Note (from your geometric intuition) that there exists numbers $c_i$ (depending on $n$) such that $x_{i-1} < c_i < x_{i}$ and $$ \text{Area} = \sum_{i=1}^n f(c_i) \Delta x. $$ Because this equality is true for all $n$, you also have $$ \text{Area} = \lim_{n\rightarrow \infty}\sum_{i=1}^n f(c_i) \Delta x. $$

Now, my choice of points $c_i$ at which to evaluate $f$ is rather particular and may differ from your choice $\bar{x}_i$. I'll show that, as long as $\Delta x \rightarrow 0$, the difference in calculated area coming from different choices of points is negligible.

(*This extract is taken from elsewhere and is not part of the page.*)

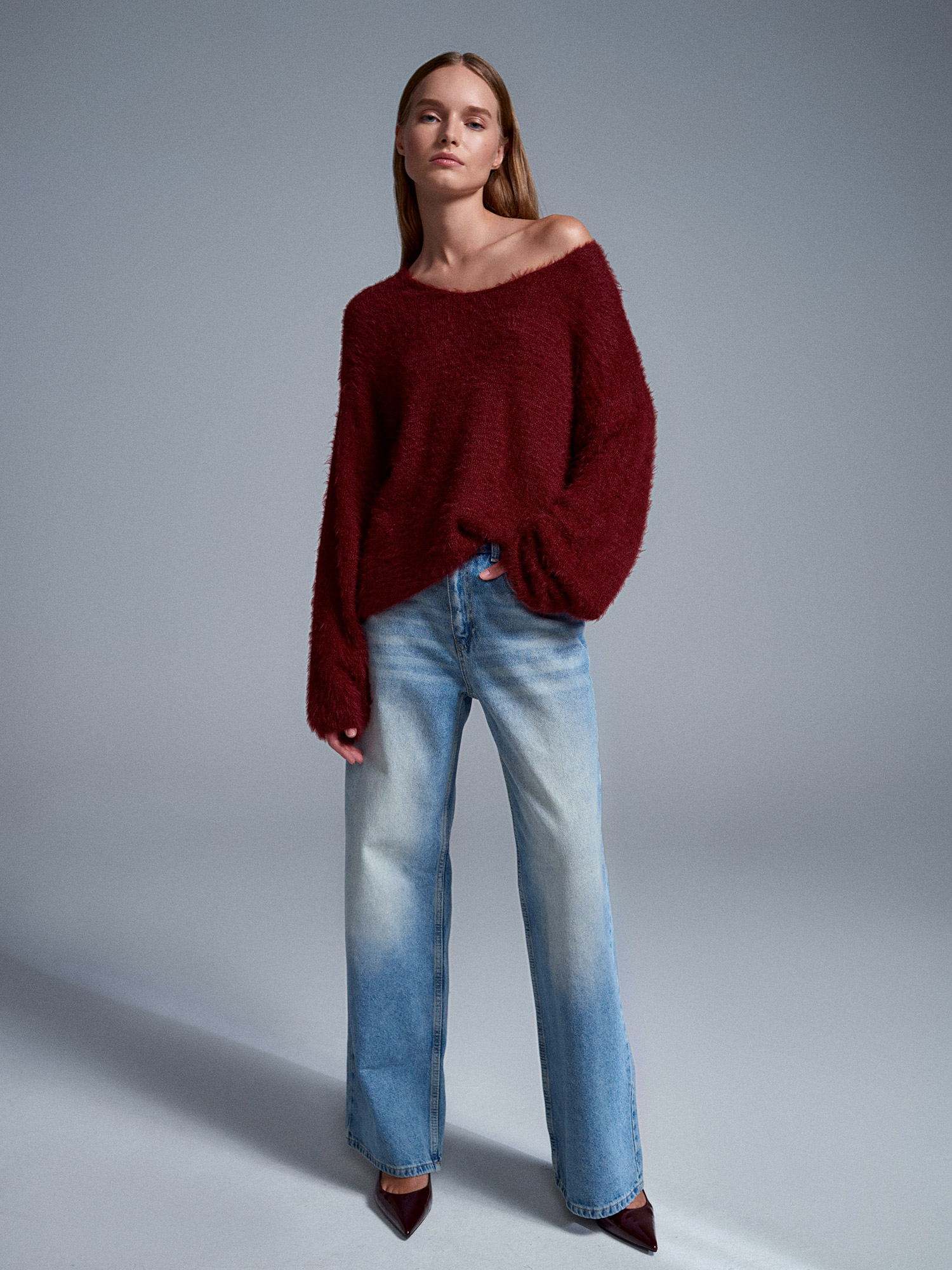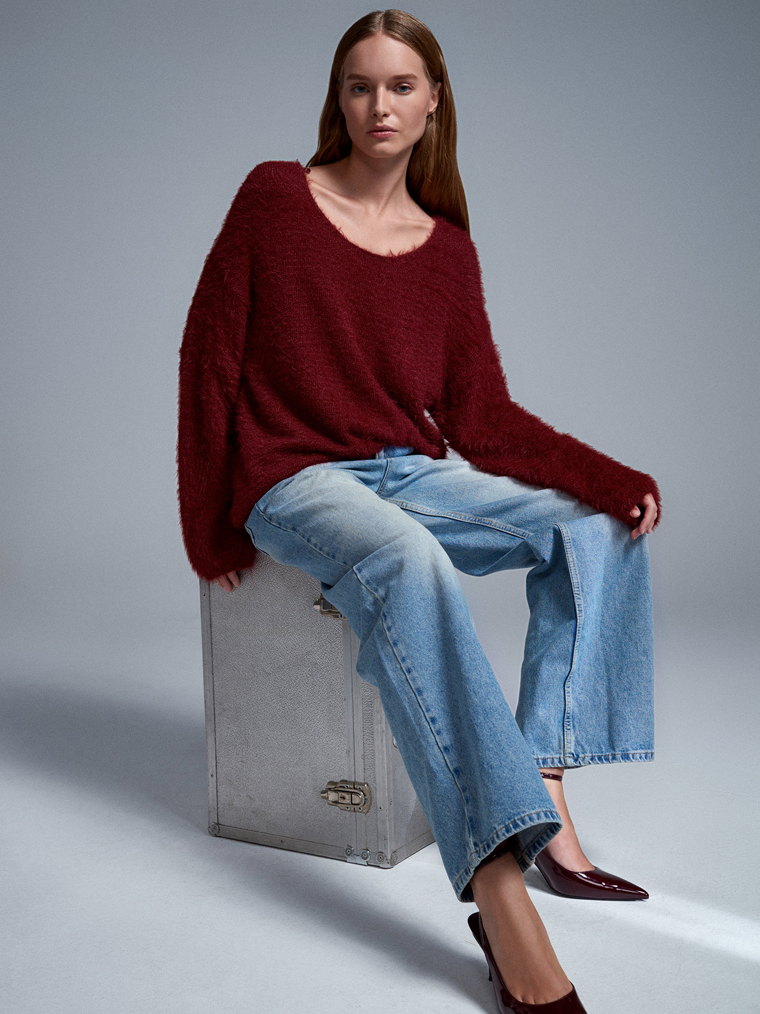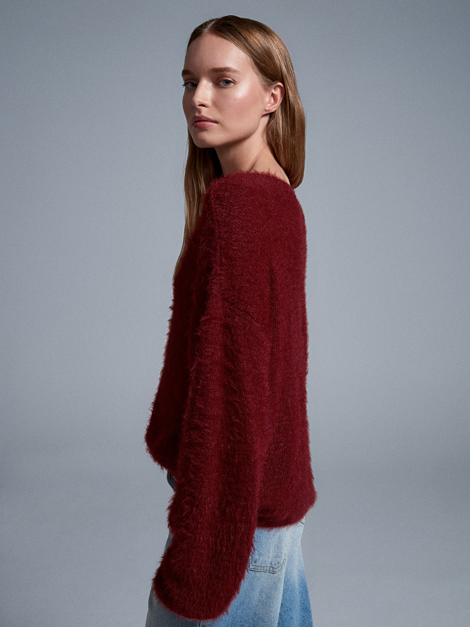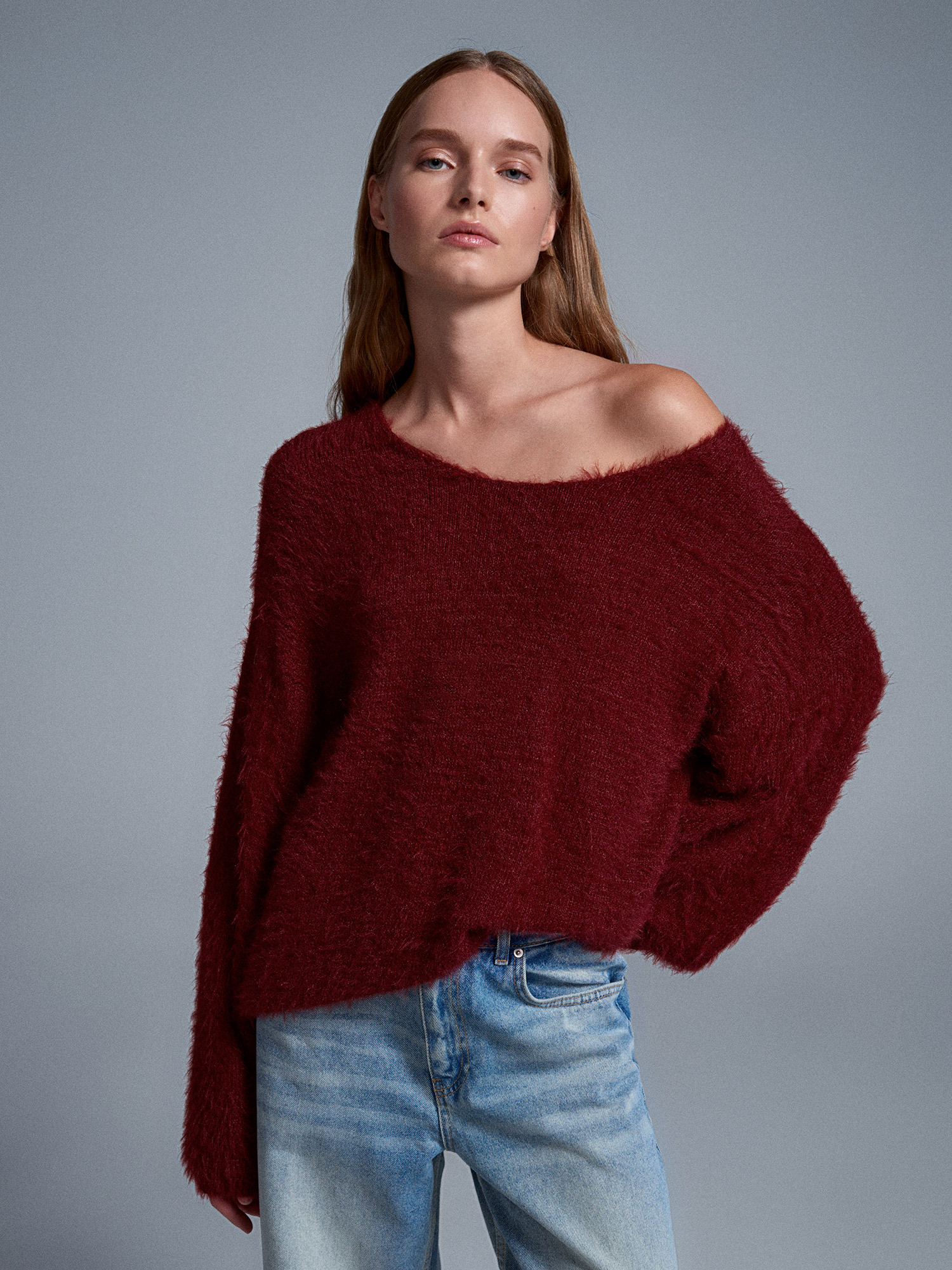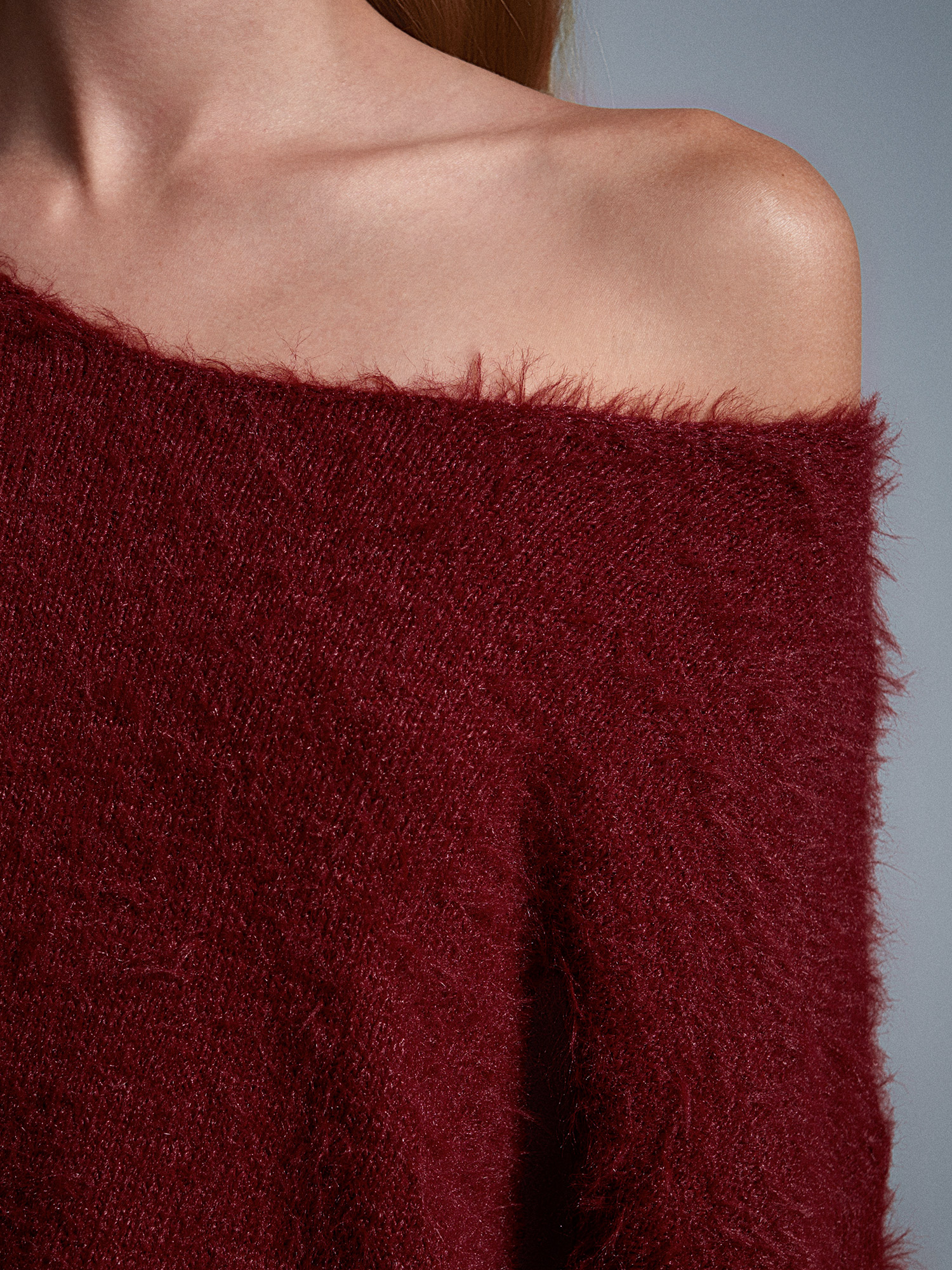 10806 Kayık Yaka Yumuşak Dokulu Triko Kazak-Koyu Bordo
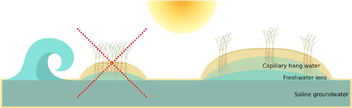 Indeed, other recent work revealed that, rather than forming single large vegetation patches, dune grasses adopt a clonal expansion strategy that generates multiple smaller patches instead of one big clump6. Such strategy optimizes sand trapping and thus maximizes dune formation rate. The faster buildup of a higher dune would allow grasses to escape erosion from flooding. Furthermore, grasses in such larger dunes may better cope with freshwater limitation (from both seawater flooding and drought) by having access to rainwater stored as capillary hang water and developing freshwater lenses above the saline groundwater7 (see graphical abstract). Pilot experiments with dune grasses also suggest that a dune-size threshold may be surpassed to trigger these establishing dynamics (unpublished data). In drylands, vegetation self-organizes to form spatial patterns that optimize water storage through increased water infiltration in patches and allow plants to survive drought2,3. Inspired by the parallels with drylands, our new team will join expertise from coastal and dryland ecosystems to explore if dune grasses also organize themselves in spatial patterns that optimize the buildup of freshwater-storing dunes to survive flooding and drought .

Let $M = \max_{x \in [a,b]} |f'(x)|$, so that $$ |f(c_i) - f(\bar{x_i})| \le M |c_i - \bar{x_i}|. $$ We can compare the two different ways of approximating the area: $$ |\sum_{i=1}^n f(c_i) \Delta x - \sum_{i=1}^n f(\bar{x}_i) \Delta x| \le \sum_{i=1}^n M|c_i-\bar{x}_i| \Delta x \le M (b-a) \Delta x, $$ using the fact that $\sum_{i=1}^n |c_i - \bar{x}_{i}| \le (b-a)$.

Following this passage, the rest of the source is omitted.